Кулак

Кулак

(Специальный приз жюри в номинации «Молодая проза России»)

Африканская чума пришла в край, и свиньи заполыхали по хуторам. Крик и вой поднялся по округе. Визжали свиноматки, среди бела дня оттаскиваемые от поросят и сытного пойла, тоскливо ревели хряки, предчувствуя скорую смерть. Бабы выли от непонимания и обиды.

— Жить­то нам на что теперь?! Жить на что, фашисты?! Куда без свиньи на дворе? — в отчаянии голосили хозяйки, кидаясь на приходящих ветеринаров. Но те лишь методично изымали свиней и бубнили: «Карантин есть карантин». А потом кололи животным яд, подцепляли туши экскаватором и свозили на край села — сжигать и закапывать. Дым застилал небо, вонь от хлорки и паленого мяса еще долго стояла над поселками.

Неслыханная, страшная болезнь, АЧС, появилась в крае два месяца назад, по весне. Занесли ее дикие кабаны откуда­то из­за границы — так сказали по телевизору. Заражение распространялось мгновенно. От заморской чумы свиньи переставали есть, покрывались фиолетовыми пятнами и подыхали в муках. Лечить их было бессмысленно — только блокада и полное уничтожение, причем под раздачу попадали и больные, и здоровые: все, что в радиусе 10–15 километров имело пятачок и хрюкало.
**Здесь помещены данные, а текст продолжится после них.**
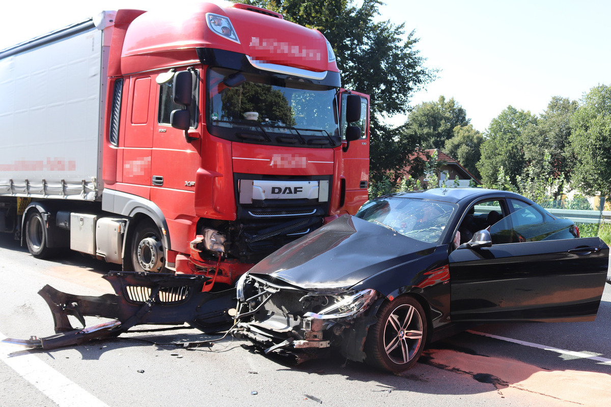 Zur gleichen Zeit kam aus der entgegengesetzten Richtung ein Lkw. Der 56-jährige Lkw-Fahrer aus Tschechien versuchte auszuweichen, konnte einen Zusammenstoß jedoch nicht verhindern. Der Lkw erfasste den BMW und schob ihn rund 55 Meter vor sich her. Dabei wurde ein weiterer Lkw, welcher sich an der Einmündung zur B252 befand, touchiert und leicht beschädigt.
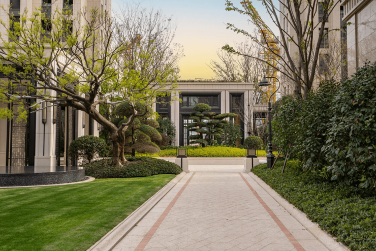 配上门前橄榄树,两侧对称布局的小叶冬青,奢华感扑面而来。要知道宝华所选的树种都是悉心培育后才移植铺陈,对植被的高度、胸径、冠幅都有严格要求,整冠移植的成本也是相当的高。这种不惜成本只为打造高品质的做法,真的很难被超越!
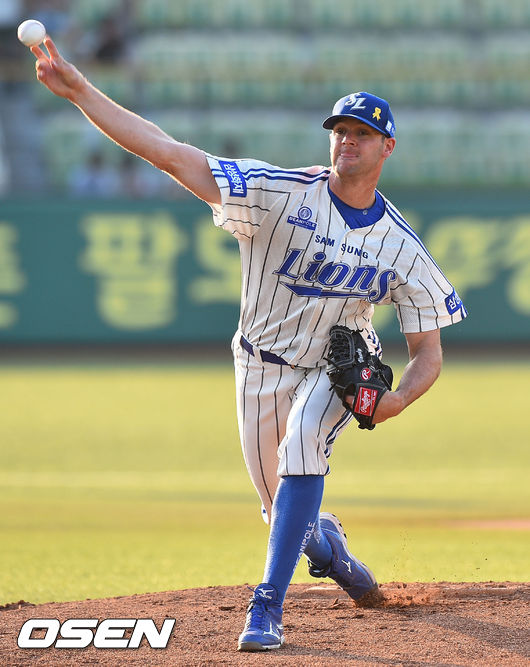 11일 오후 대구구장에서 열린 2014 한국야쿠르트 세븐 프로야구 삼성 라이온스와 SK 와이번스의 경기, 1회초 삼성 선발투수 밴덴헐크가 역투하고 있다

Не миновала эта чаша и Маньков хутор.

Тревожным холодком по дворам плеснуло уже с утра: к сельской администрации подкатили несколько машин, оттуда вышли люди в пиджаках и быстро скрылись за дверью. Кто­то углядел среди них главного районного ветеринара — человека сурового и способного к компромиссам только за крупные взятки. А в десять часов на площадке у Дома культуры объявили общий сход, и бледный глава поселения Рожков официально сообщил: в ЗАО «Советское», недалеко отсюда, произошел падеж свиней. Патологический материал отправлен на анализ, сомнений нет — африканская чума.

— И теперь, вы знаете… в целях безопасности, — запинаясь, говорил Рожков. За его спиной и впрямь стоял районный ветеринар, а еще участковый и начальник местного штаба ГО и ЧС. — В карантинных целях… все поголовье в угрожаемой зоне надо ликвидировать. Свиноводство под ударом… Важнейшая отрасль, сотни предприятий. Восьмая вспышка за последнее время. Сами понимаете…

Но народ не дал договорить.

— Ни хрена мы не понимаем! У нас все свиньи здоровые! Хай у себя палят, если им надо! — заорал с места какой­то мужик.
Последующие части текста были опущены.